■ **The data**:
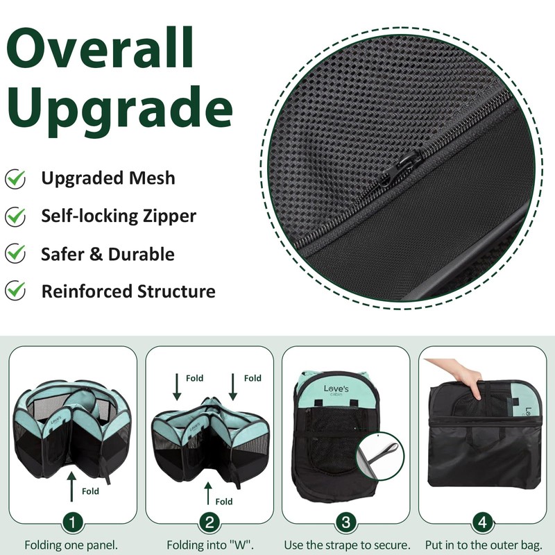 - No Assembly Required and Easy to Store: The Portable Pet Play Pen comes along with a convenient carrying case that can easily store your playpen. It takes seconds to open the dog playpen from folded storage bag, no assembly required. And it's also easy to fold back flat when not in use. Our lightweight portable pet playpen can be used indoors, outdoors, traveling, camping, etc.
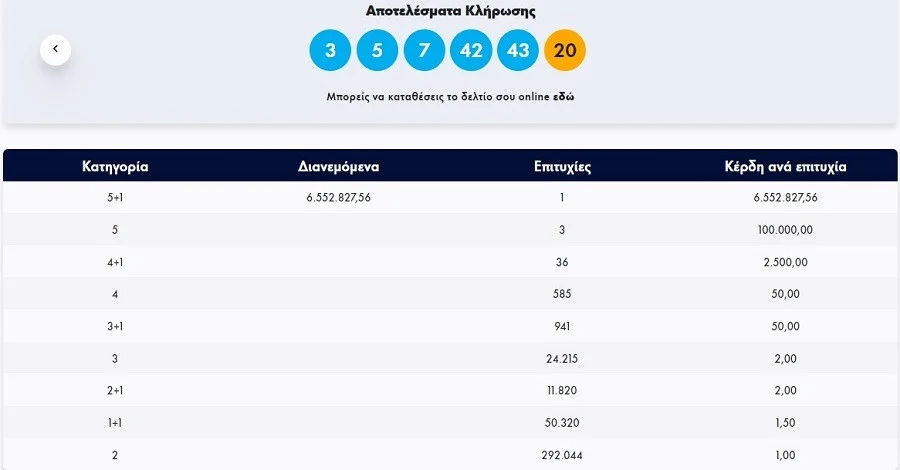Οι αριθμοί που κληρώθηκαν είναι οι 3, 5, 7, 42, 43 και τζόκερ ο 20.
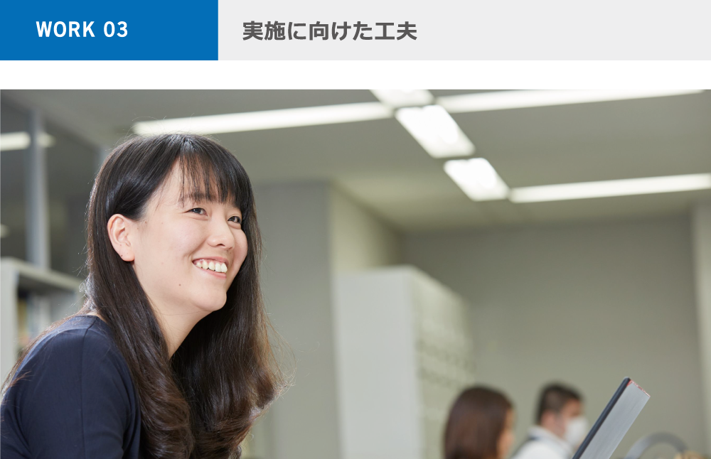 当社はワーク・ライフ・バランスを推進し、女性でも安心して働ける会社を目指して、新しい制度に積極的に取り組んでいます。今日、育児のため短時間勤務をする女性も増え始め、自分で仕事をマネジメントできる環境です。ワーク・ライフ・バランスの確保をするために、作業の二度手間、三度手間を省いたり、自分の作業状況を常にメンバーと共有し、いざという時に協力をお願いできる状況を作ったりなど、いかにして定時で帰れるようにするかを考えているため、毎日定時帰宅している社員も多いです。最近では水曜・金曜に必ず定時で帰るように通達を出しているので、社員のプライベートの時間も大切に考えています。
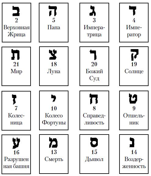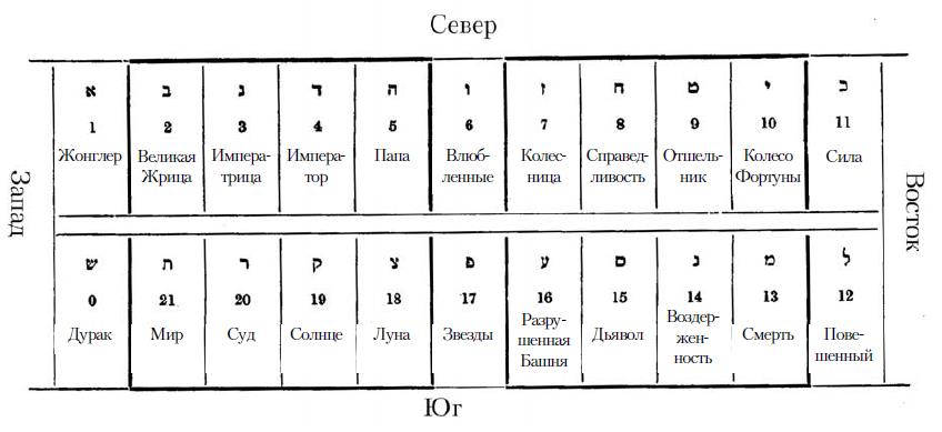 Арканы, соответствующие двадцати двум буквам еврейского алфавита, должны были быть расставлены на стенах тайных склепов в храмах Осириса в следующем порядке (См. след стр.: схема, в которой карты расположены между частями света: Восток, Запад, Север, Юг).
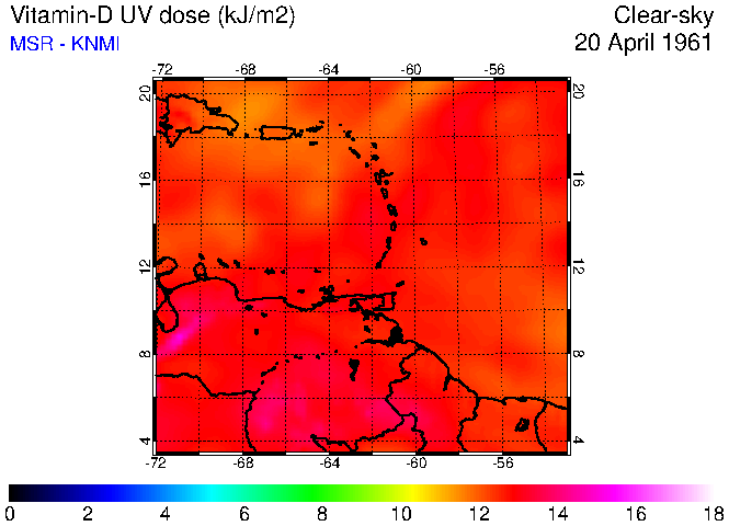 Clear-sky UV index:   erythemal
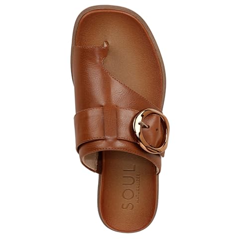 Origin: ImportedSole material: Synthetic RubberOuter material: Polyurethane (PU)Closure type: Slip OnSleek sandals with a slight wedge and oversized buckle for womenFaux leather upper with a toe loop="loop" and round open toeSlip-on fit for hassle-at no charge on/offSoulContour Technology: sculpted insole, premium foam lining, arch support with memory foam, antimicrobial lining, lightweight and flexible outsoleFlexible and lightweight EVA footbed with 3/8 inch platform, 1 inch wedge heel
...
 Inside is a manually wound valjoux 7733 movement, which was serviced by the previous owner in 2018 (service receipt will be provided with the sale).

■ **Exercise goal**:
"- No Assembly" marks the first line to copy, and "Clear-sky UV index:   erythemal" marks the last. Repeat that stretch above exactly, with no pictures.

■ **Final answer**:
 - No Assembly Required and Easy to Store: The Portable Pet Play Pen comes along with a convenient carrying case that can easily store your playpen. It takes seconds to open the dog playpen from folded storage bag, no assembly required. And it's also easy to fold back flat when not in use. Our lightweight portable pet playpen can be used indoors, outdoors, traveling, camping, etc.
Οι αριθμοί που κληρώθηκαν είναι οι 3, 5, 7, 42, 43 και τζόκερ ο 20.
 当社はワーク・ライフ・バランスを推進し、女性でも安心して働ける会社を目指して、新しい制度に積極的に取り組んでいます。今日、育児のため短時間勤務をする女性も増え始め、自分で仕事をマネジメントできる環境です。ワーク・ライフ・バランスの確保をするために、作業の二度手間、三度手間を省いたり、自分の作業状況を常にメンバーと共有し、いざという時に協力をお願いできる状況を作ったりなど、いかにして定時で帰れるようにするかを考えているため、毎日定時帰宅している社員も多いです。最近では水曜・金曜に必ず定時で帰るように通達を出しているので、社員のプライベートの時間も大切に考えています。
 Арканы, соответствующие двадцати двум буквам еврейского алфавита, должны были быть расставлены на стенах тайных склепов в храмах Осириса в следующем порядке (См. след стр.: схема, в которой карты расположены между частями света: Восток, Запад, Север, Юг).
 Clear-sky UV index:   erythemal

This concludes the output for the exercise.